▶ What is expected
Go through the listing below and retype exactly the lines starting at the one with "Puzzle PociÄ…g, Zima, Noc, Dworzec" and ending at the one with "Зарядное устройство для", skipping pictures.

▶ Information given
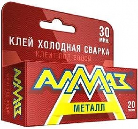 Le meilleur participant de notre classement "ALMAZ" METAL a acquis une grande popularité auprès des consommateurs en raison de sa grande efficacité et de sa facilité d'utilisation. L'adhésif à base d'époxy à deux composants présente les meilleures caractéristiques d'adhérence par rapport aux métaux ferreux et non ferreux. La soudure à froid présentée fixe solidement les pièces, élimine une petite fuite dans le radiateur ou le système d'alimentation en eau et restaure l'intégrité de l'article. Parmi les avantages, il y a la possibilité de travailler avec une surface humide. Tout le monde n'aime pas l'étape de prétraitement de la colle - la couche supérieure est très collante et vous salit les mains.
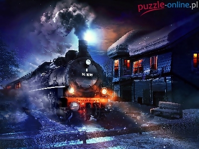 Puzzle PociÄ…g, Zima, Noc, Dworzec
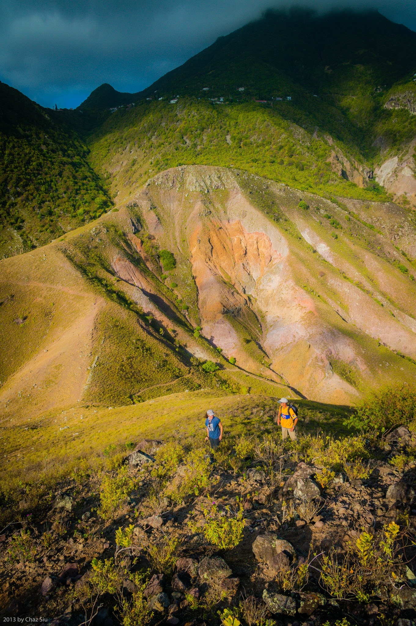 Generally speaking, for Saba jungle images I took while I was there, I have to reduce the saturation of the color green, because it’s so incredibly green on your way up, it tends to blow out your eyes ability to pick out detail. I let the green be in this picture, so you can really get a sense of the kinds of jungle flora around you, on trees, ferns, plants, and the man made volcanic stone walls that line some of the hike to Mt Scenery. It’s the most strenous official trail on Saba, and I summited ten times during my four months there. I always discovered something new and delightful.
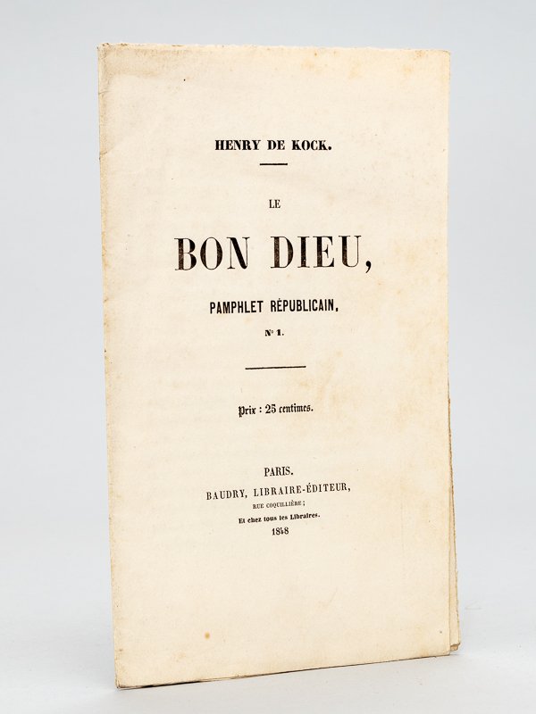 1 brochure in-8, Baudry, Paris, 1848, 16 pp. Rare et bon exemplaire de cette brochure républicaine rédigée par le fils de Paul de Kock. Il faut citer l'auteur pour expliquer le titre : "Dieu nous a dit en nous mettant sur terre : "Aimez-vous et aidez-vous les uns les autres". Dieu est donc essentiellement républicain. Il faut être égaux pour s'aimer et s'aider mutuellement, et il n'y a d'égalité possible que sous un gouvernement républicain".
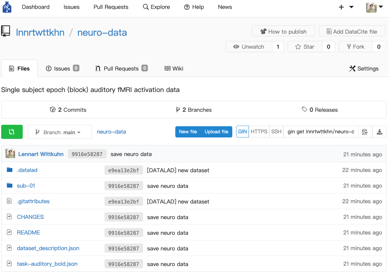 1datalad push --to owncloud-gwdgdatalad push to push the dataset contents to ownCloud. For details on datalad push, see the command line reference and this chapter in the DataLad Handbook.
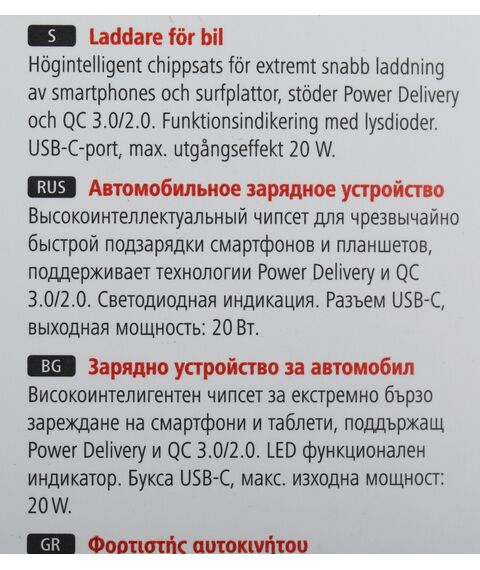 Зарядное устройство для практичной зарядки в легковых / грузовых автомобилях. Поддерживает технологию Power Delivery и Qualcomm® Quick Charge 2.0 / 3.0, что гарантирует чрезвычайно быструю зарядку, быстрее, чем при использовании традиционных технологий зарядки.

---

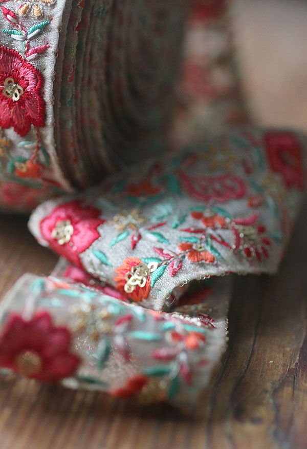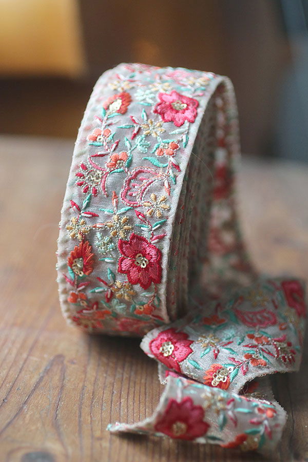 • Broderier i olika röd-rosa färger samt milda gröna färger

▶ Solution
 Puzzle PociÄ…g, Zima, Noc, Dworzec
 Generally speaking, for Saba jungle images I took while I was there, I have to reduce the saturation of the color green, because it’s so incredibly green on your way up, it tends to blow out your eyes ability to pick out detail. I let the green be in this picture, so you can really get a sense of the kinds of jungle flora around you, on trees, ferns, plants, and the man made volcanic stone walls that line some of the hike to Mt Scenery. It’s the most strenous official trail on Saba, and I summited ten times during my four months there. I always discovered something new and delightful.
 1 brochure in-8, Baudry, Paris, 1848, 16 pp. Rare et bon exemplaire de cette brochure républicaine rédigée par le fils de Paul de Kock. Il faut citer l'auteur pour expliquer le titre : "Dieu nous a dit en nous mettant sur terre : "Aimez-vous et aidez-vous les uns les autres". Dieu est donc essentiellement républicain. Il faut être égaux pour s'aimer et s'aider mutuellement, et il n'y a d'égalité possible que sous un gouvernement républicain".
 1datalad push --to owncloud-gwdgdatalad push to push the dataset contents to ownCloud. For details on datalad push, see the command line reference and this chapter in the DataLad Handbook.
 Зарядное устройство для практичной зарядки в легковых / грузовых автомобилях. Поддерживает технологию Power Delivery и Qualcomm® Quick Charge 2.0 / 3.0, что гарантирует чрезвычайно быструю зарядку, быстрее, чем при использовании традиционных технологий зарядки.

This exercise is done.